Le Fonds Monétaire International (FMI) a, la semaine dernière, lancé un programme de sauvetage pour le Brésil plus important que ce à quoi s'attendaient les marchés financiers. Cela aurait dû calmer les craintes quant à l'avenir du Brésil mais ce n'est toujours pas le cas.

Après une première amélioration, les taux d'intérêts brésiliens se sont stabilisés à des niveaux incompatibles avec une solvabilité à long terme. Son point de référence, les « bons du trésor C » ont un rendement de 22% aujourd'hui, en dollars. La dette du Brésil équivaut à 60% de son PIB, dont 35% seront dus dans l'année à venir. Le FMI exige que le Brésil crée un excédent principal de 3,75% sur son budget (soit, que les intérêts de la dette ne soient pas calculés dans le budget gouvernemental). Mais cela n'empêchera pas une détérioration toujours plus importante du taux d'endettement du pays par rapport à son PIB, surtout quand les taux d'intérêt élevés poussent le Brésil toujours plus loin dans la récession.

Le fait que ce plan de sauvetage ne parvienne pas à soulager le Brésil indique qu'il y a là une carence fondamentale dans le système financier international.

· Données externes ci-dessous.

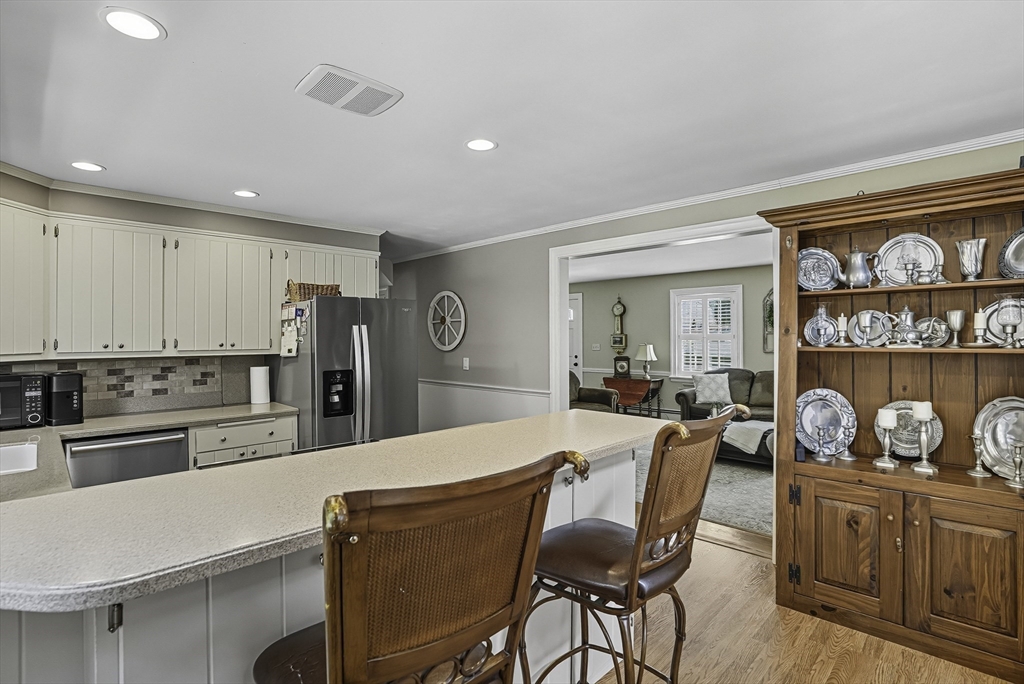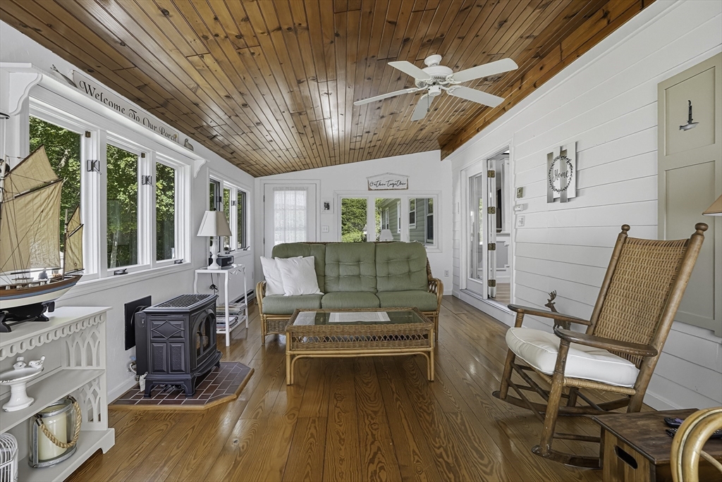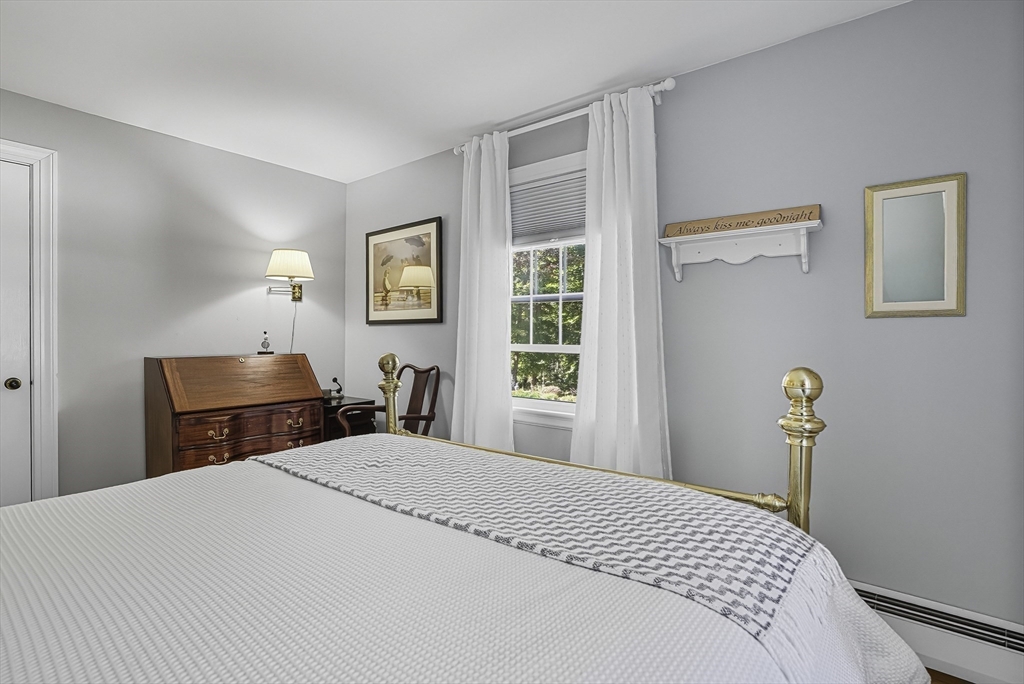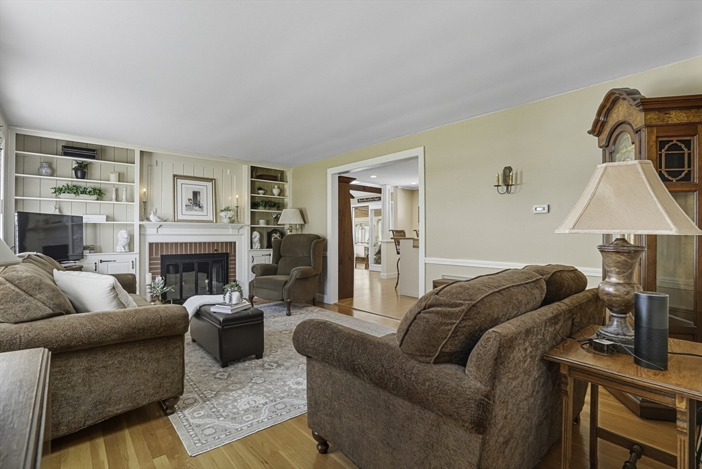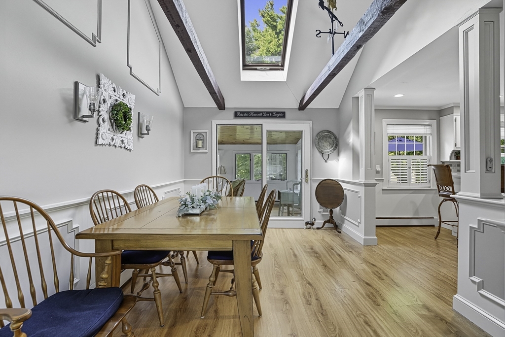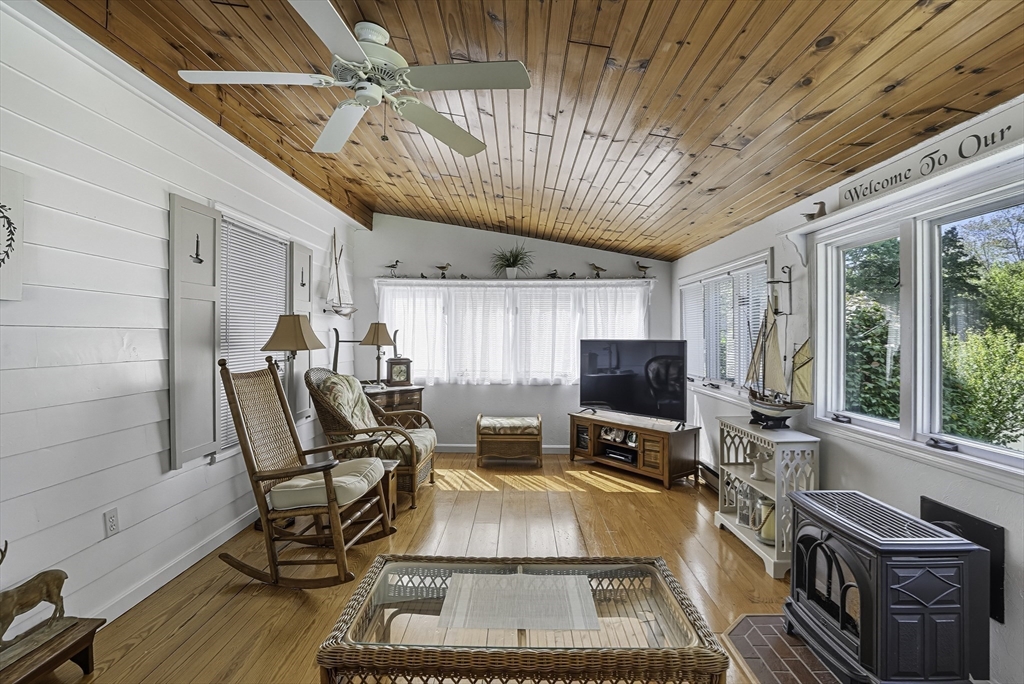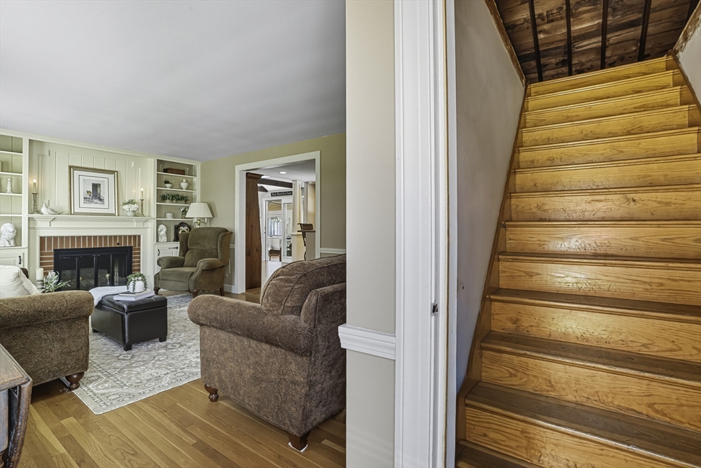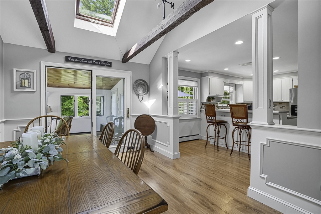 Beautifully maintained and updated oversized ranch with a bright, open floor plan. Features two spacious bedrooms, a full bath with walk-in shower, and improvements throughout. Expansion potential with walk-up attic with a finished staircase and large unfinished basement—plenty of room to grow! Light-filled dining room with cathedral ceiling and skylights open to the bright and sunny remodeled kitchen with stainless appliances and counter seating. Fireplaced living room has stunning wainscoting with built-in bookcases and storage. Highlight of the home is the huge sunroom overlooking the stunning back yard with its own gas stove for those cool evenings. Enjoy mature landscaping on your oversize deck and fenced-in private back yard. Perfect for those looking for one-level living! Pride of ownership and quality is apparent throughout! Conveniently located near all Upton's amenities and schools. A great commuter location!

Les problèmes du Brésil ne peuvent pas être imputés aux erreurs que le Brésil aurait commises. Les responsabilités sont bien au niveau des autorités financières internationales. Il est vrai qu'il est probable que le Brésil porte à la présidence un homme que les marchés financiers n'apprécient pas, mais si les marchés financiers ont force de loi contre les choix démocratiques d'un peuple, alors le système est sans conteste impropre.

Sous l'influence des fondamentalistes du marché, le FMI ne tire pas suffisamment avantage de ses membres. Ces dernières années, le soi-disant « consensus de Washington » tel qu'il est soutenu par le FMI et la Banque mondiale a placé sa confiance dans la nature autorégulatrice des marchés financiers. Cette confiance a été et est toujours mal placée.